In 2008, Granpeesheh produced and appeared in the documentary Recovered: Journeys Through the Autism Spectrum and Back, which featured four children she claimed had fully recovered from autism and co-occurring intellectual disability after undergoing intensive, longterm ABA. In the film, Granpeesheh stated, "There's a lot of scientific research that shows children recover from autism, and yet, still, the medical community in general is not aware of how prevalent recovery is. More than half of the children receiving intervention at an early age recover completely."

In 2014, Granpeesheh published Evidence-Based Treatment for Children with Autism: The CARD Model with co-editors Jonathan Tarbox, Adel Najdowski, and Julie Kornack.

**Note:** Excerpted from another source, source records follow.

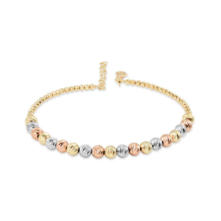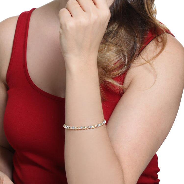Orta boy kırmızı sarı ve beyaz kalemli ışıltılı topların bir araya gelerek kombinasyonu ile tasarlanmış şık ve günlük kullanıma uygun hediyelik bilezik.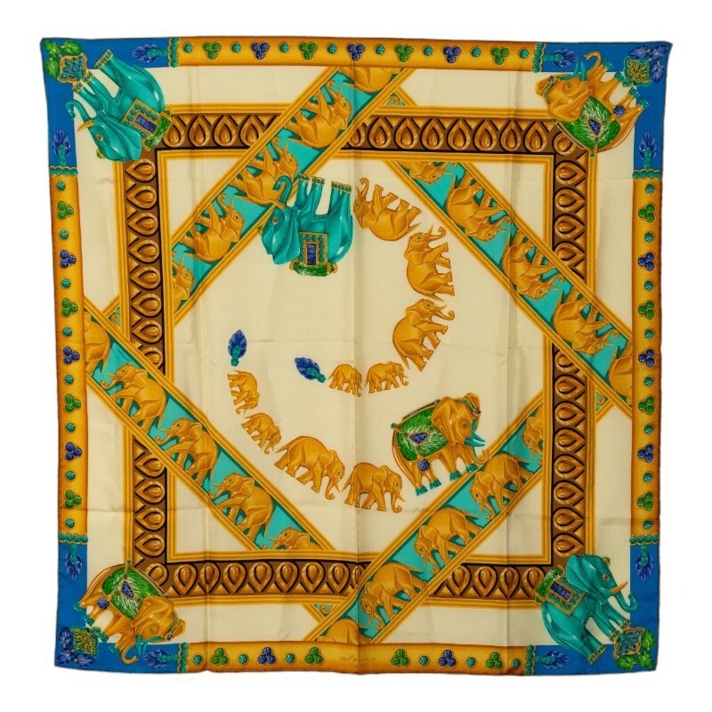 - 中古 美品 カルティエ スカーフ マハラジャ 象 宝石 シルク Aランク ベージュ マルチカラー レディース CARTIER あ【送料無料】【西神店】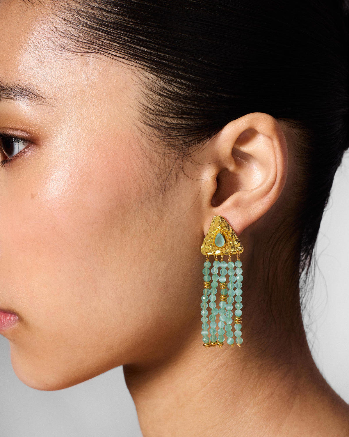 - Detailed with soft green glass beads that cascade gently, they echo the flow and rhythm of water.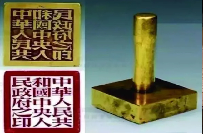 在中央人民政府及其所屬和下屬機(jī)構(gòu)法定名稱確定后,1949年10月27日,齊燕銘將鐫鑄中央人民政府及所屬(下屬)各機(jī)構(gòu)印信報(bào)告及鑄印設(shè)計(jì)說明上報(bào),得到批準(zhǔn)后,首批印信交付刊鑄。10月31日,中央人民政府印鐫刻完成并上交。國(guó)印印文要求排列對(duì)稱,最終確定為“中華人民共和國(guó)中央人民政府之印”,之所以加入“之”字,是為了讓印文分3排,每排5字對(duì)稱地鋪滿印面,使得印章更加美觀。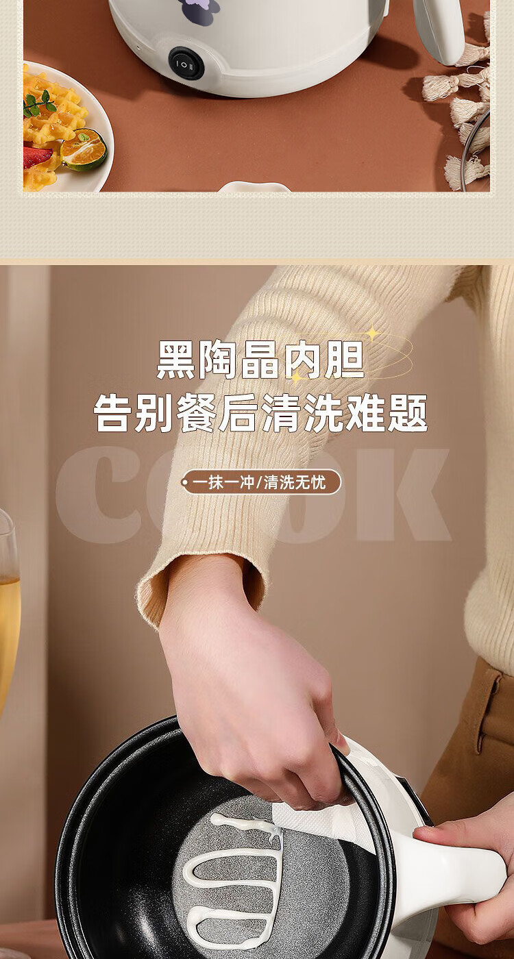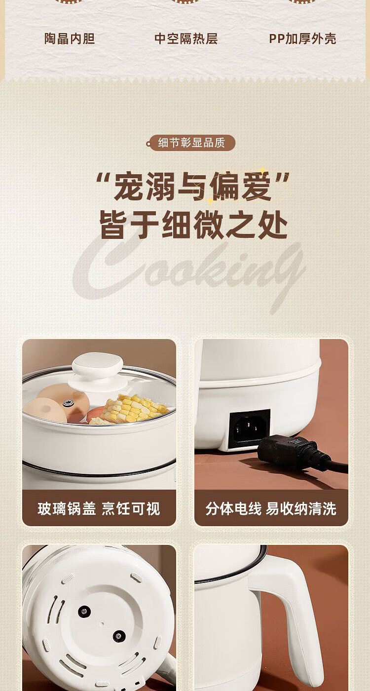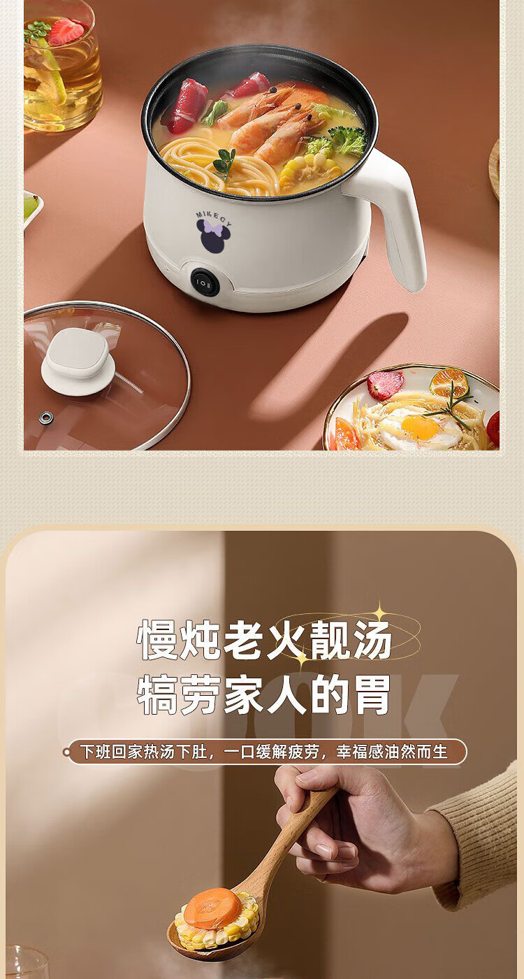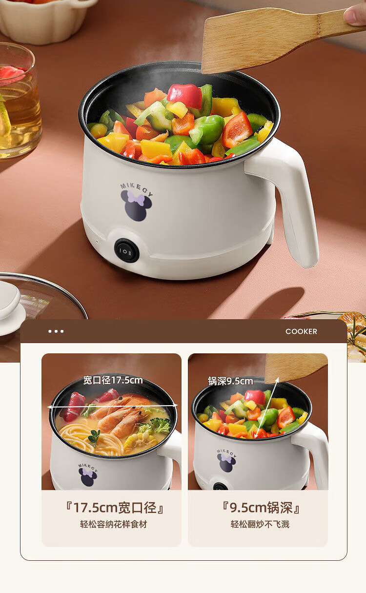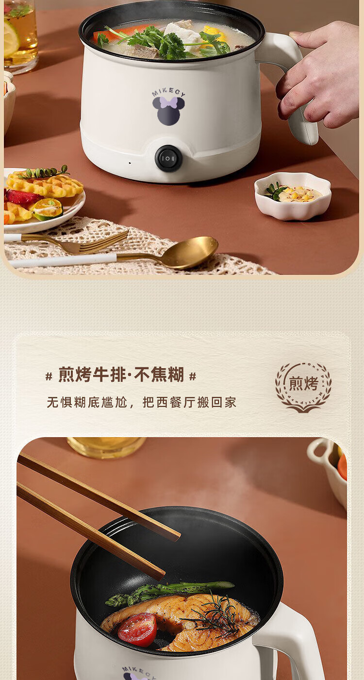 电煮锅小电锅电锅一体多功能锅宿舍用1-2人煮面锅 不锈钢内胆单锅1.4L【0.65m电源线】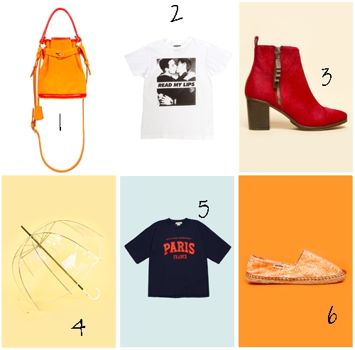 1. Pop-Up Mini Bucket Bag (Opening Ceremony) : 450 $2. Act Up - Read My Lips Tee (Opening Ceremony) : 50 $3. Shirley Pony Boots (Opening Ceremony) : 485 $4. Seventies Umbrella (Opening Ceremony) : 55 $5. Exclusive Paris Sweatshirt (Opening Ceremony) : 75 $6. Soludos Espadrille - Cork (Opening Ceremony) : 35 $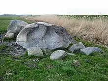 Such erratics on Rügen, which are made of crystalline and metamorphic rock, that have a minimum volume of 10 m³ belong to the legally protected geotopes on the island.[1] For most erratics, however the volume cannot be exactly worked out, because they are normally partly embedded in the ground. The sizes given in the list are based on estimates by the majority of geologists given in their publications. In addition the list shows the estimated above-ground volumes; the below-ground element is not recorded. The approximation factor of 0.6 is based on experience and accounts for the usual difference in volume from a rectangular block.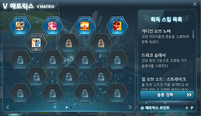 메이플 카이저 코강 스킬코어는 보스전을 위주로 키우실 분들은 (저처럼 카루타돌이용 카이저 육성을 하는 경우) 드라코 슬래셔를, 사냥을 위주로 하실 분들이라면 (대부분 카이저를 본캐로 키우실 분들) 가디언 오브 노바를 추천해드립니다. 가디언 오브 노바를 먼저 찍게 된다면 사냥능력에서 상당히 좋아지기 때문에 추천해드립니다.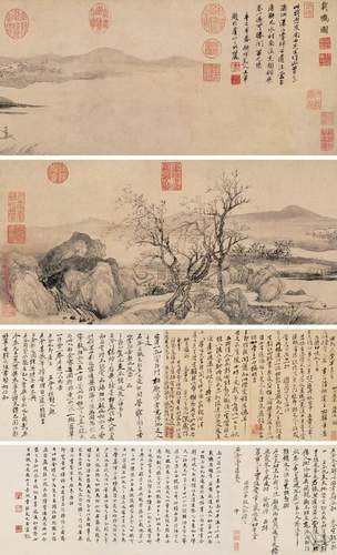 图中有恽格好友、“四王“之一王翚的题跋:“此我老友南田先生作也,笔意潇洒,深得李便古遗法,当与唐解元水村图后先颉顽。展卷一过,可胜闻笛之悲。辛巳早春耕烟散人王翚题于虞山之北麓”。卷末并有恽寿平致王翚的信札两通,第一札是抒发与“石谷子离索十年,兴趣零落,同一感慨”;第二札感叹“石谷子者拟议形容直令人可歌可泣”。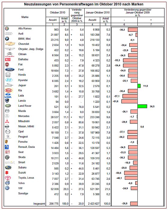 Zweistellige Minusraten gegenüber dem Vorjahr mussten Opel, Ford, VW und Smart hinnehmen. Bei den Importeuren gingen Fiat und Skoda mit den größten Einbußen in die Monatsbilanz ein. Mitsubishi (+80,6 %) und Land Rover (+76,0 %)können dagegen deutliche Aufwärtsbewegungen aufweisen.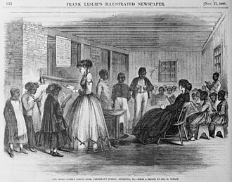 It's important to note that the workers of the Freedmen's Bureau accomplished a lot of good under awful circumstances. Along with food aid distribution, the bureau offered legal services, handed out medicine, and built hospitals.[21] It also built schools to teach freed blacks the information and skills they had been denied for so long. The bureau partnered with private missionary groups to fund the schools, and the missionary groups sent teachers from the North, who were primarily white and female.[22] The bureau established over 1,000 schools and several black colleges whose positive influence continued even after the bureau's collapse.[21]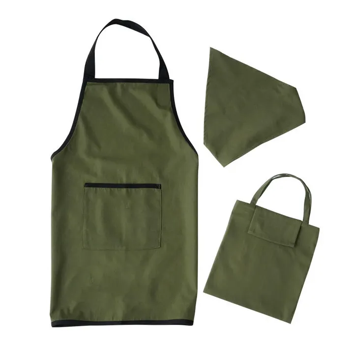子供用エプロン3点セット L グリーンブラック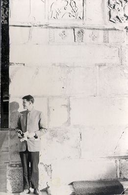 JM with his Greek friend Maria Mitsotakis, "the muse of my off days," Athens, early 1960s. Merrill's face is bound as a result of Bell's Palsy, an episode recounted in his poem "The Thousand and Second Night."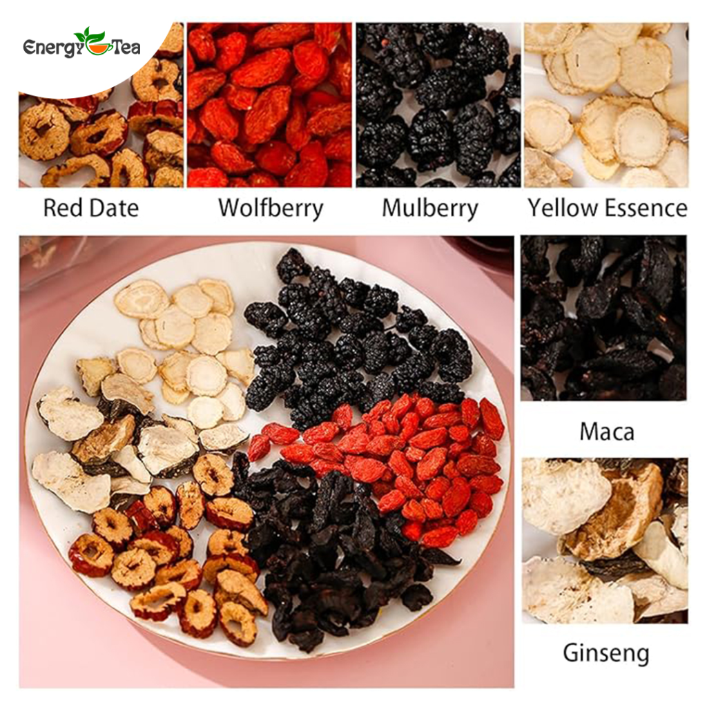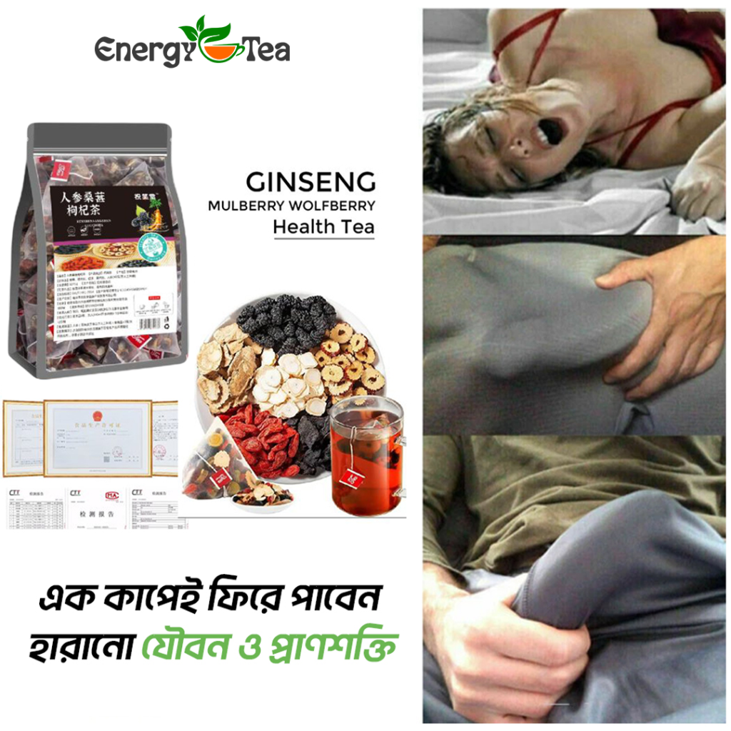 Energy Tea! জিনসেং, মালবেরি উলফবেরির শক্তিশালী ভেষজ সংমিশ্রণে তৈরি এই চা শরীর ও মনকে ফিরিয়ে দেয় নতুন শক্তি ও প্রশান্তি। পুরুষের কর্মক্ষমতা ও নারীর হরমোন ব্যালেন্স রক্ষায় এটি অত্যন্ত কার্যকর। শতভাগ প্রাকৃতিক উপাদানে তৈরি, চিনি মুক্ত ও কোরিয়ান ফর্মুলায় প্রস্তুত এই টি সনদপ্রাপ্ত এবং নিরাপদ। এখনই অর্ডার করুন — Energy Tea! দিনে এক কাপেই স্বাস্থ্য সুরক্ষা!

In 2016, Granpeesheh appeared in Andrew Wakefield's Vaxxed, a pseudoscientific propaganda film that pushed Wakefield's widely debunked theory that the MMR vaccine causes autism. Granpeesheh featured prominently in the film, falsely claiming that autism is caused by children "not detoxifying from the vaccinations" and can be treated with detoxification. Granpeesheh had previously worked with Wakefield at his clinic, the Thoughtful House Center for Children, and was a principal member of the company. While still associated with Thoughtful House, Granpeesheh co-presented an ABA continuing-education session at the ASA's 2008 national conference; the session focused on combining ABA with biomedical treatments (including detoxification) to achieve "optimal outcomes" for autistic children. In a 2023 interview, Granpeesheh rejected the label "anti-vaccine," while confirming that she still believed in the debunked detoxification theory.

In 2025, Granpeesheh appeared as herself in the fifth episode of the second season of The Rehearsal when Nathan Fielder came to speak to her.

Notable awards received by Granpeesheh include the 2011 George Winokur Clinical Research Paper Award from the American Academy of Clinical Psychiatrists and the 2007 Wendy F. Miller Professional of the Year Award from the ASA.